**HOW TO COMPLETE THIS TASK**
Restate the whole listing below word for word and keep the images out.

------ DATASET EXCERPT

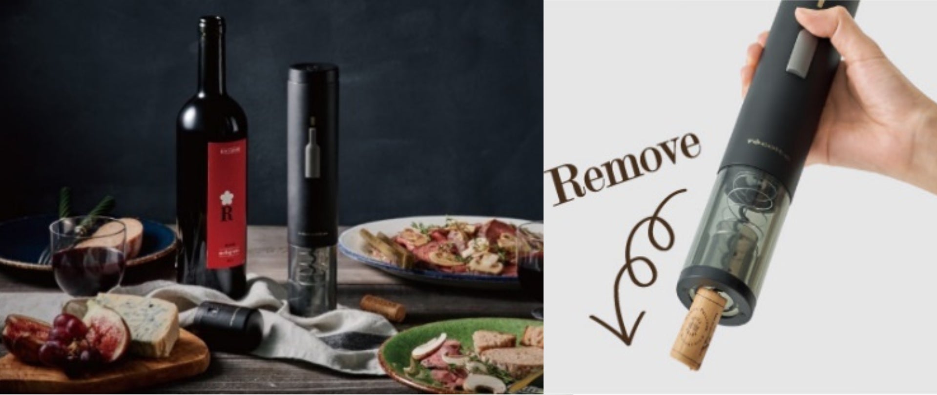 抜いたコルクもスイッチを押すだけで取り出しが可能で、力の弱い方やネイルした手にも優しい仕様です。電池式のコードレス仕様なので、アウトドアなどでもお使いいただけます。
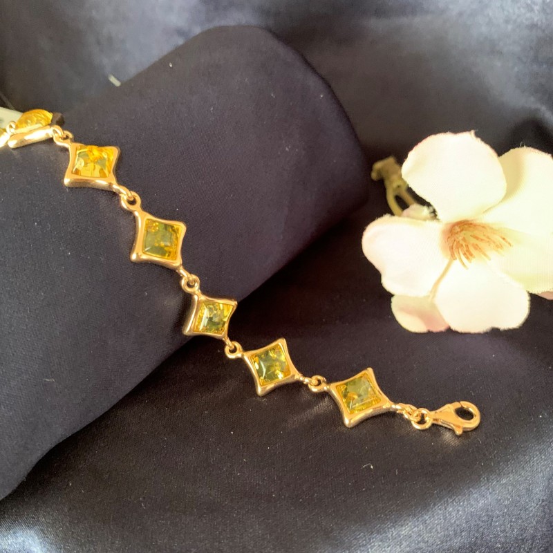 Una polsera femenina festiva feta de plata 925 banyada daurada i decorada amb ambre, amb aquesta sorprenent "peça del sol", jugant en tots els tons de color mel, encisadora i captivadora per la seva bellesa, us delectarà una vegada i una altra! Una oportunitat única per emfatitzar la teva individualitat, transmetre la imatge de feminitat i tendresa. Una bonica combinació d'or brillant i ambre assolellat dóna al teu look un ambient festiu!
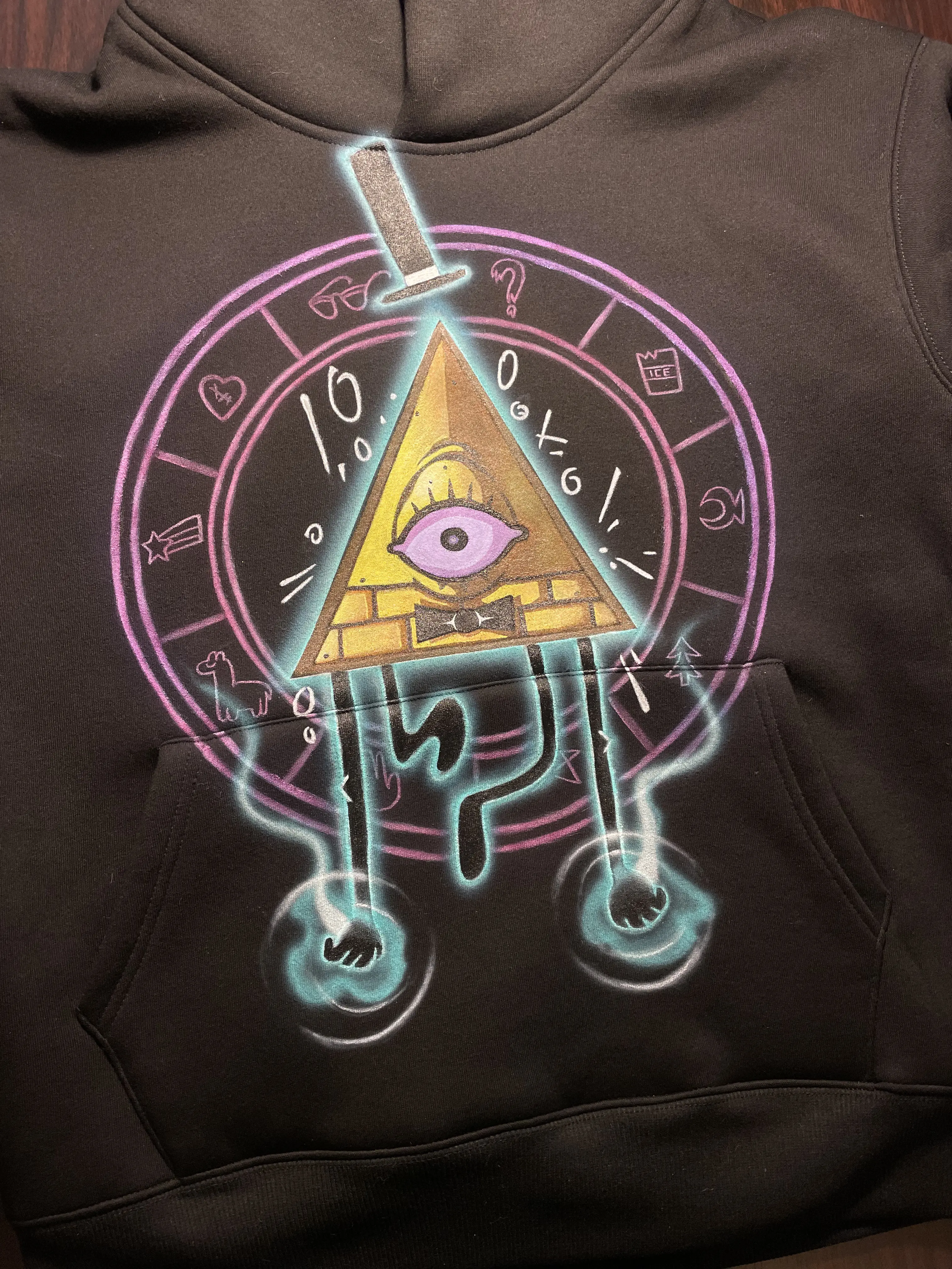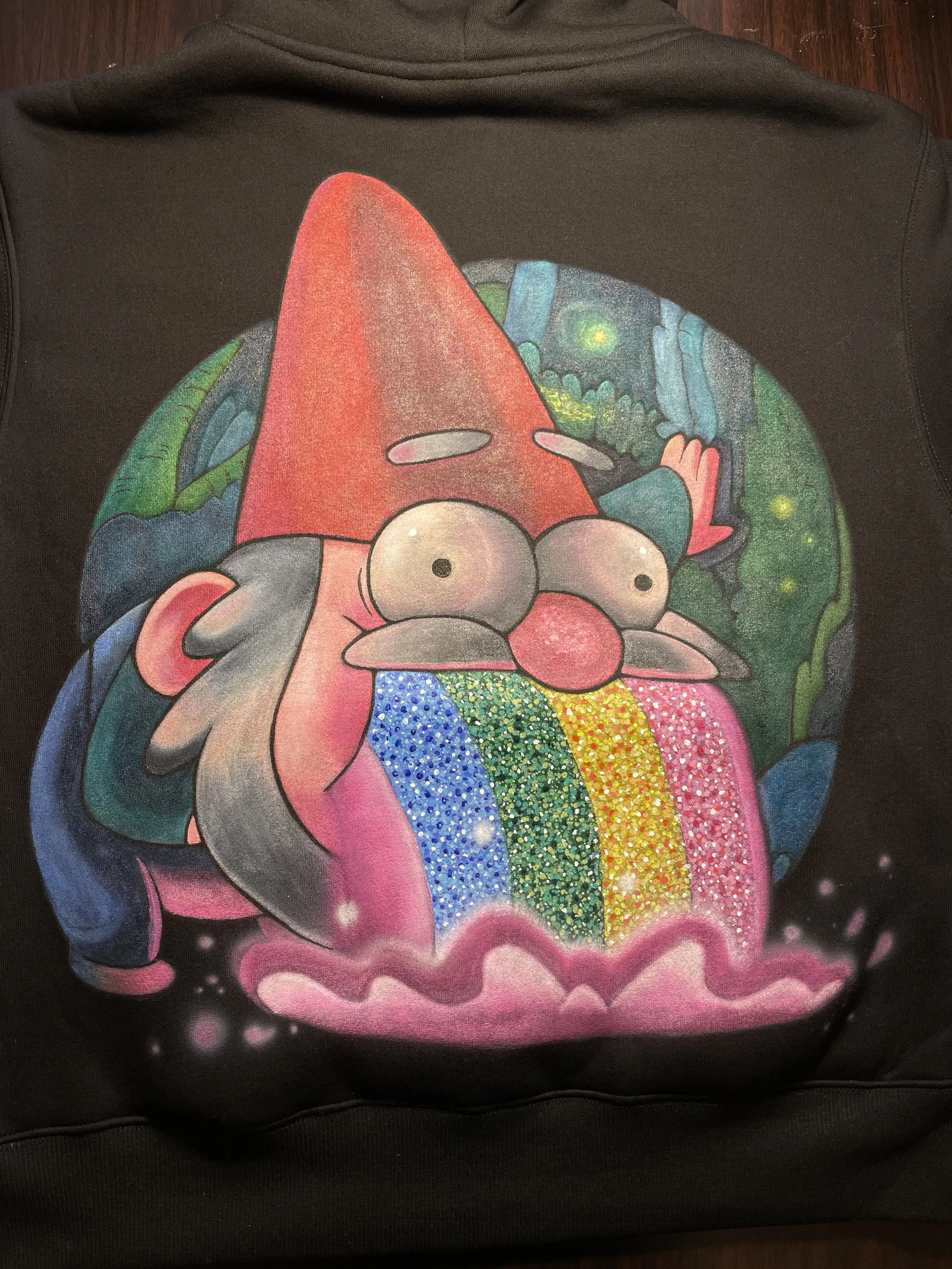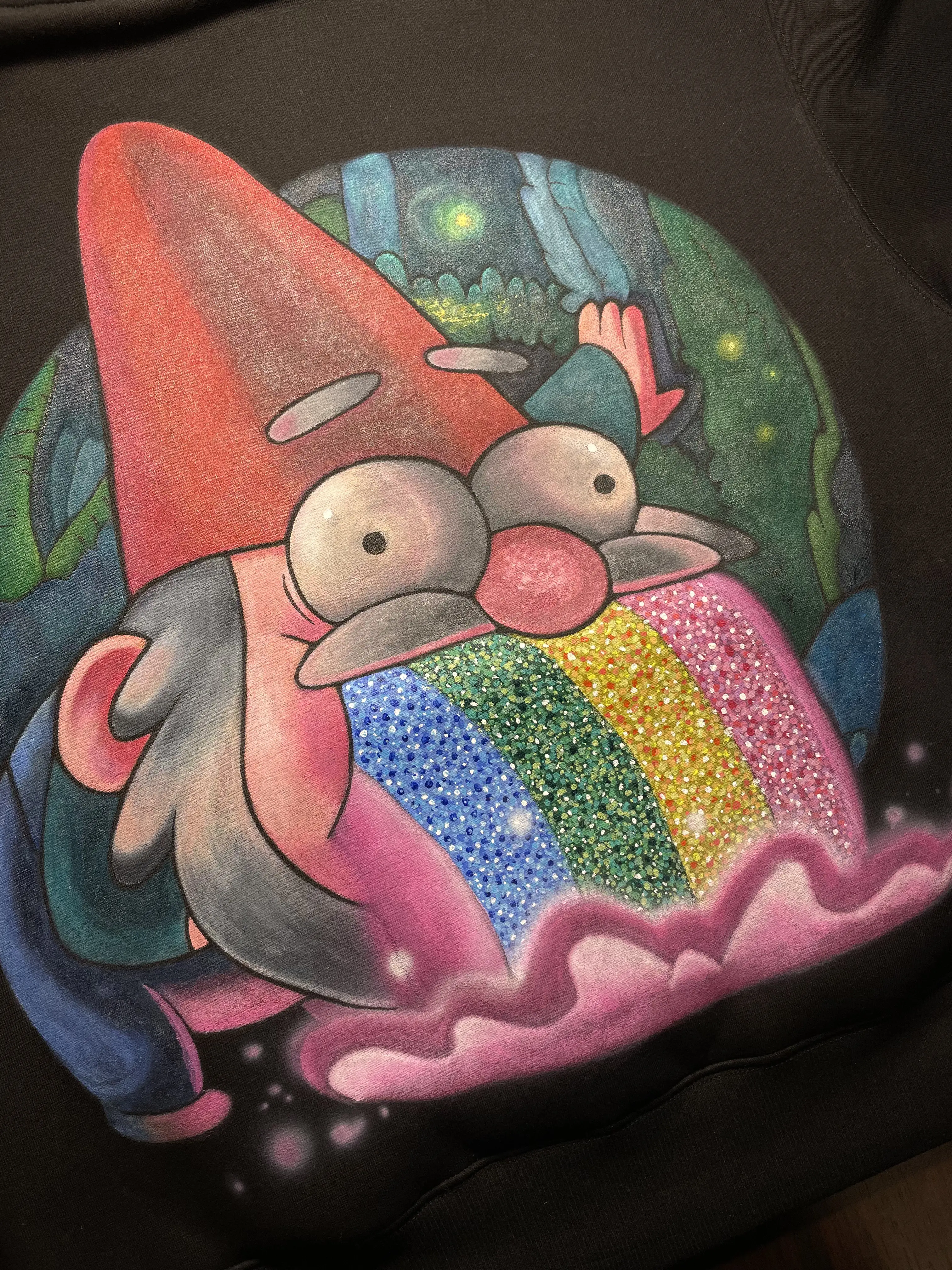 This Gravity Falls–Inspired Painted Hoodie is a high-quality winter fleece hoodie featuring a vibrant, hand-painted cartoon-style artwork inspired by the iconic surreal aesthetic of Gravity Falls. On the back of the hoodie, a colorful gnome character vomiting a rainbow is painted using acrylic paints for textile, covering the entire back. The artwork is bold, expressive, and full of bright colors, creating a playful and eye-catching statement piece. On the front of the hoodie, a triangle-shaped one-eyed character inspired by the infamous Bill Cipher is hand-painted, adding a mysterious and symbolic contrast to the vibrant back artwork. This hoodie is very warm and made from premium-quality fabric, designed specifically for winter wear. The soft fleece interior provides excellent insulation and comfort during cold seasons. Because the artwork is completely hand-painted, each hoodie has its own unique details and slight variations, making every piece one of a kind. This painted hoodie is perfect for fans of Gravity Falls–style art, surreal cartoons, and bold handmade fashion. Key features: • Hand-painted cartoon-inspired artwork on the back • Triangle eye character inspired by Bill Cipher on the front • Acrylic paint on textile • Warm winter fleece hoodie • Unisex fit, US size M • Each piece is unique

------------

**REPLY TO THE EXERCISE**
 抜いたコルクもスイッチを押すだけで取り出しが可能で、力の弱い方やネイルした手にも優しい仕様です。電池式のコードレス仕様なので、アウトドアなどでもお使いいただけます。
 Una polsera femenina festiva feta de plata 925 banyada daurada i decorada amb ambre, amb aquesta sorprenent "peça del sol", jugant en tots els tons de color mel, encisadora i captivadora per la seva bellesa, us delectarà una vegada i una altra! Una oportunitat única per emfatitzar la teva individualitat, transmetre la imatge de feminitat i tendresa. Una bonica combinació d'or brillant i ambre assolellat dóna al teu look un ambient festiu!
 This Gravity Falls–Inspired Painted Hoodie is a high-quality winter fleece hoodie featuring a vibrant, hand-painted cartoon-style artwork inspired by the iconic surreal aesthetic of Gravity Falls. On the back of the hoodie, a colorful gnome character vomiting a rainbow is painted using acrylic paints for textile, covering the entire back. The artwork is bold, expressive, and full of bright colors, creating a playful and eye-catching statement piece. On the front of the hoodie, a triangle-shaped one-eyed character inspired by the infamous Bill Cipher is hand-painted, adding a mysterious and symbolic contrast to the vibrant back artwork. This hoodie is very warm and made from premium-quality fabric, designed specifically for winter wear. The soft fleece interior provides excellent insulation and comfort during cold seasons. Because the artwork is completely hand-painted, each hoodie has its own unique details and slight variations, making every piece one of a kind. This painted hoodie is perfect for fans of Gravity Falls–style art, surreal cartoons, and bold handmade fashion. Key features: • Hand-painted cartoon-inspired artwork on the back • Triangle eye character inspired by Bill Cipher on the front • Acrylic paint on textile • Warm winter fleece hoodie • Unisex fit, US size M • Each piece is unique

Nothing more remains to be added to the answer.